The legislation would speed up the hiring process for state jobs and make it easier to fire problem employees. It sets a 60 day timeline for filling vacancies and establishes clearer standards for “just cause” in dismissing workers for on the job behavior. The bill also sets longer probationary periods for new hires and eliminates the civil service exams applicants are currently required to take.
Multiple Democrats criticized it as an effort to politicize the state workforce, clearing out protections that were put in place for more than a century ago by former Governor Robert La Follette. Rep. JoCasta Zamarippa (D-Milwaukee) noted that La Follette created the system so that “the best may serve the state,” but said Republicans were pushing through changes so that their “besties” may serve the state instead.
GOP leaders countered that the bill does nothing to change current state laws that prohibit hiring, promoting, or firing someone from a state job based on political affiliation. “Just because you say it over, and over, and over again, doesn’t make it true,” said Rep. Jim Steineke (R-Kaukauna), the sponsor of the bill.
Republicans stressed that the bill is about making it easier to attract workers, who may move on to other jobs when the drawn out hiring process leaves them waiting too long, while updating a system that has not seen a major overhaul in almost two decades. Rep. Mike Rohrkaste (R-Neenah) said the system needs to be adjusted for a new time. “This is not 1905, let’s bring us forward here in Wisconsin to 2015.”

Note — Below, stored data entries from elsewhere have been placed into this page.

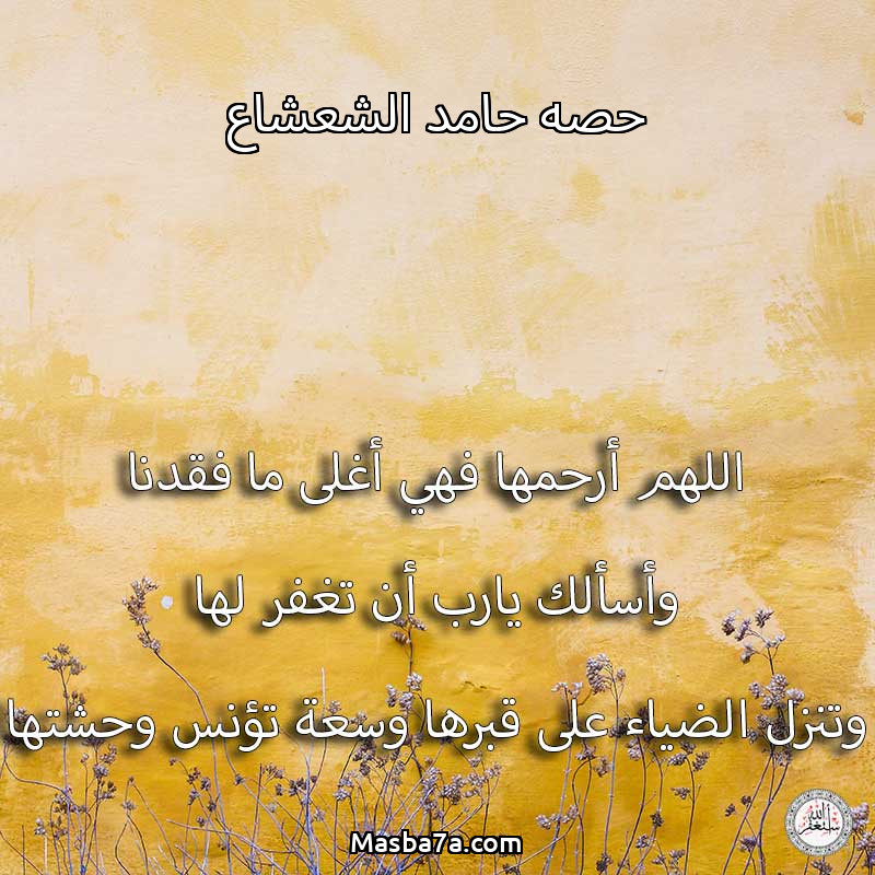 اللهم ارحم ( حصه حامد الشعشاع ) وانس وحشتها واجمعنا بها في جنتك ، اللهم ارحمها بقدر شوقنا لها اللهم ارحمها واغفر لها .
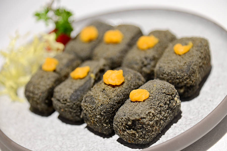 黑金豆腐,看起来黑乎乎其貌不扬,吃起来却是令人惊艳,内馅大有乾坤,细嫩幼滑,豆香浓郁,口感味道俱佳。
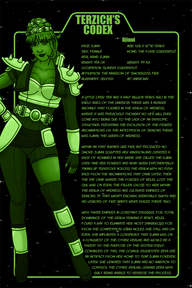 Not many know how the flask got away from Eden and began circulating into the hands of various individuals throughout the universe, but many know what happens should you find it in your possession. As a prisoner of the flask Djinni is compelled to fulfill the first three declared desires, within her power, of anyone who possesses it. Of course, that doesn’t mean she has to stop there. Djinni could fulfill as many additional desires as it pleases her. She isn’t just no longer compelled to fulfill desires after the first three are met. However, be careful should who declare a desire as you are dealing with a godly entity with powers based in the corruption that is Madness.
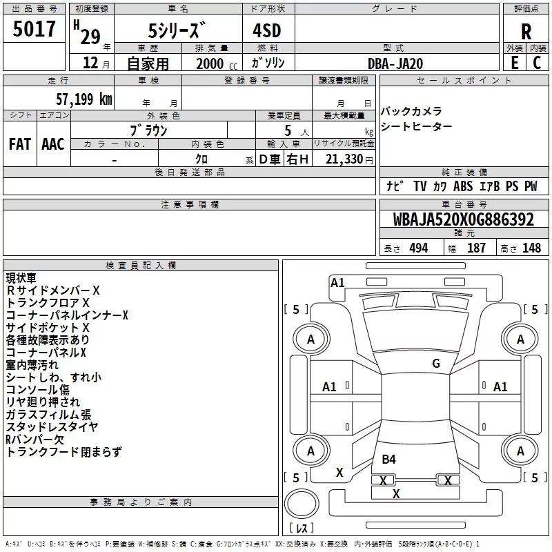 BMW 5-Series с аукциона Японии TAA Chubu лот № 5017
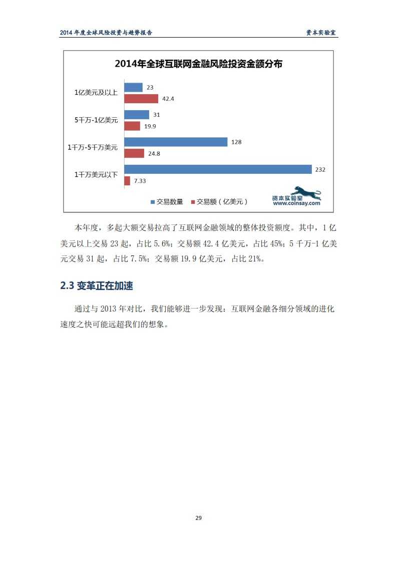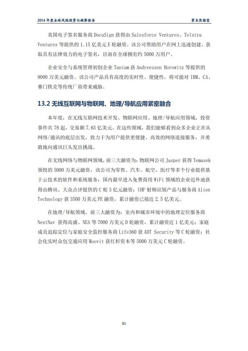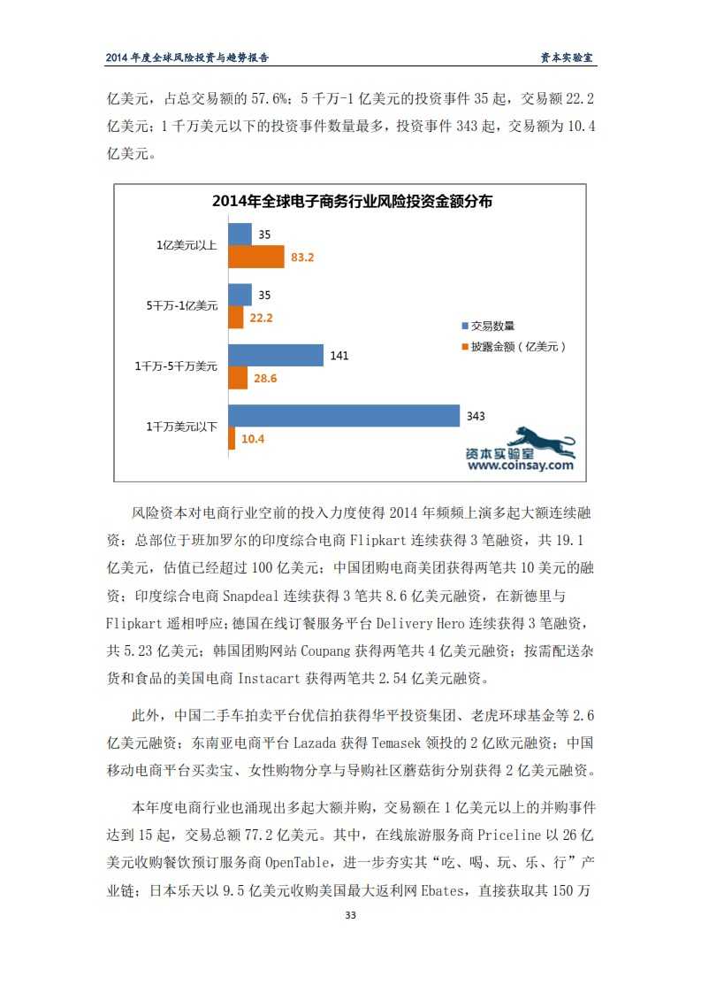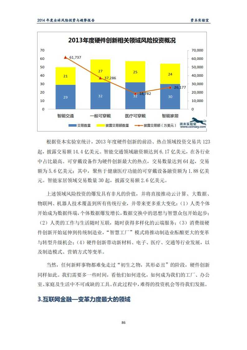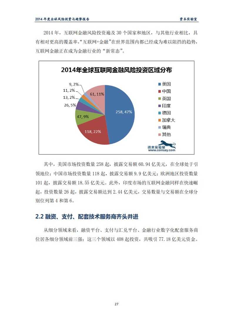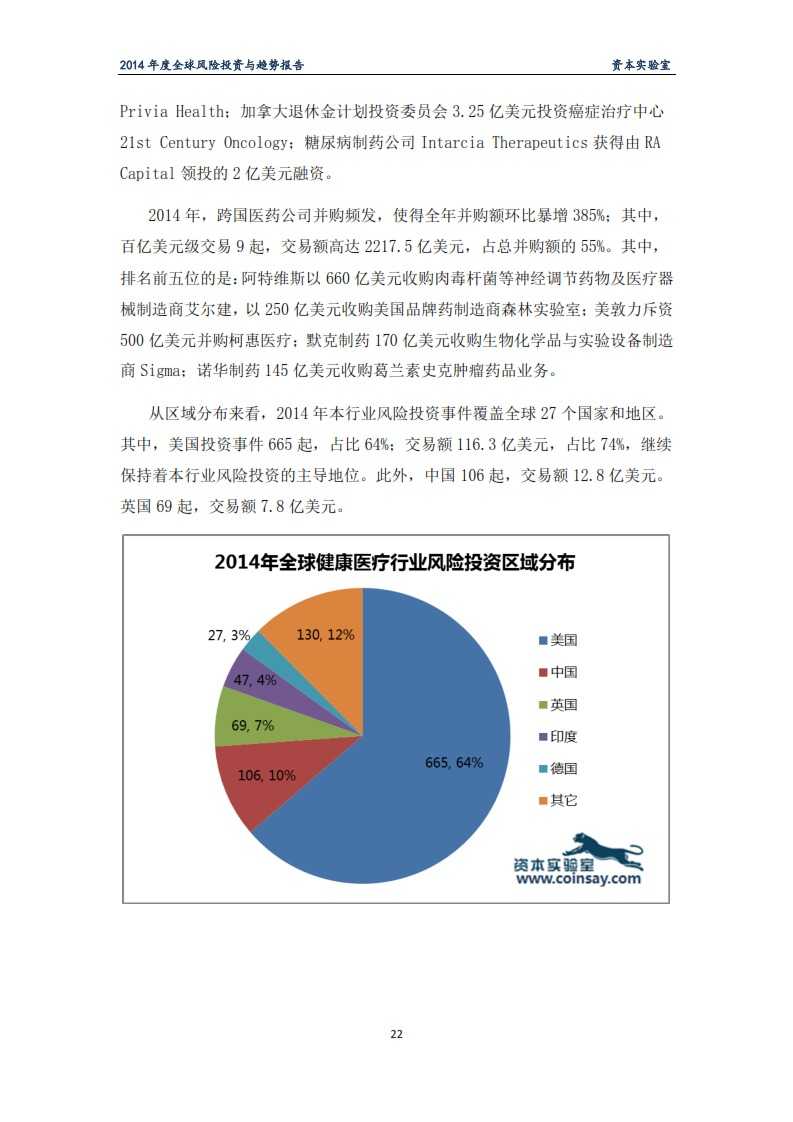 资本实验室:2014年度全球风险投资与趋势报告 更多阅读:Crunchbase:2018年中国初创企业已经获得938亿美元投资资本实验室:《可穿戴报告》之资本介入虚拟货币领域创业投资与趋势报告Crunchbase:2018年约会相关初创企业获得1.27亿美元风险投资风险投资决策过程中可能出现的认知偏差道琼斯:2014年中国风险投资总额达到155亿美元infocaptor:20年创业风险投资数据分析Venture Source:2013年Q3美国科技公司共融资81亿美元 达成806笔风投交易风险投资,相信数据还是相信直觉?Rutberg&Co:2011年美国移动营销市场风险投资金额激增商业周刊:2011年获利最丰十大美国风险投资公司中国消费趋势报告:三大新兴力量引领消费新经济Crunchbase:2025年第三季度北美风险投资总额631亿美元Dealroom:2025年意大利风险投资报告Crunchbase:2025年第二季度风险投资总额910亿美元

The legislation passed on a party line 57-35 vote and now heads to the Senate, which is not expected to take it up until early next year because of a dispute over whether to include a so-called “ban the box” provision. The language would prohibit state agencies from asking applicants about their criminal history. The Assembly included it, while the Senate bill would make it optional for each agency. A spokesman for Sen. Steve Nass (R-Whitewater) said he hopes to work out the differences with the Senate author of the bill in time to take it up in the spring legislative session.